Mutualism breakdown can be prevented if partner species preferentially select and reward partners that provide greater benefit. We examined these two components using the legume Medicago truncatula and its nitrogen-fixing symbiont Sinorhizobium meliloti. The first dataset focuses on reanalyzing strain composition data from the nodules of 202 accessions to show significant genetic variation in the capacity of Medicago to restrict strain diversity when controlling for nodule number variation using a simulation.

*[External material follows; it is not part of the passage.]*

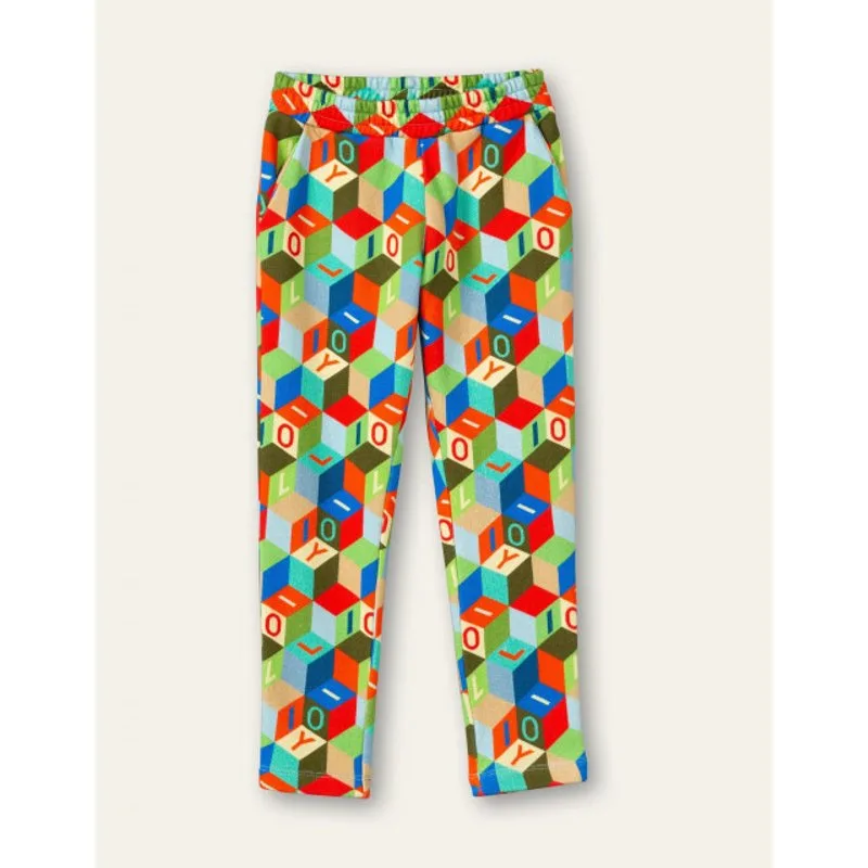 Stoere sweat pants met print vol met kleurrijke Oilily logo blokken. Heel vrolijk, speels en dus de perfecte jogger om allerlei avonturen in te beleven. - Gemaakt in Griekenland - Organic cotton met stretch - Drawstring - Steekzakken
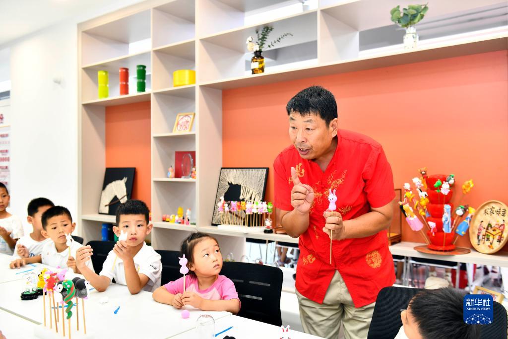 7月13日,在惠民縣姜樓鎮一處“濱濱學(xué)堂”,公益講師劉延貴教孩子們面塑知識。

By performing an augmented image analysis of nodules pool images to produce scores of morphological parameters, we found that hosts with a suite of nodules traits, including shorter nodules, tended to be more selective. Using previously published SNP data for these ~200 accessions, we performed a genome-wide association study on host selectivity to identify candidate genes. The second dataset uses two well-studied Medicago genotypes (A17 and R108) with contrasting nodule morphologies to assess the effectiveness of adaptive enrichment mechanisms by sampling the relative frequencies of rhizobial strains in pools of small nodules that we show have smaller rhizobia population sizescompared to large nodules. We pair these results with previous single-strain assessments of strain benefits to hosts to show that hosts enriched beneficial strains in large nodules, the host that formed larger and more variably sized nodules and thus had greater 'potential' to increase rhizobial populations was less effective. Together this package includes the data, code, and figures to reproduce our analysis.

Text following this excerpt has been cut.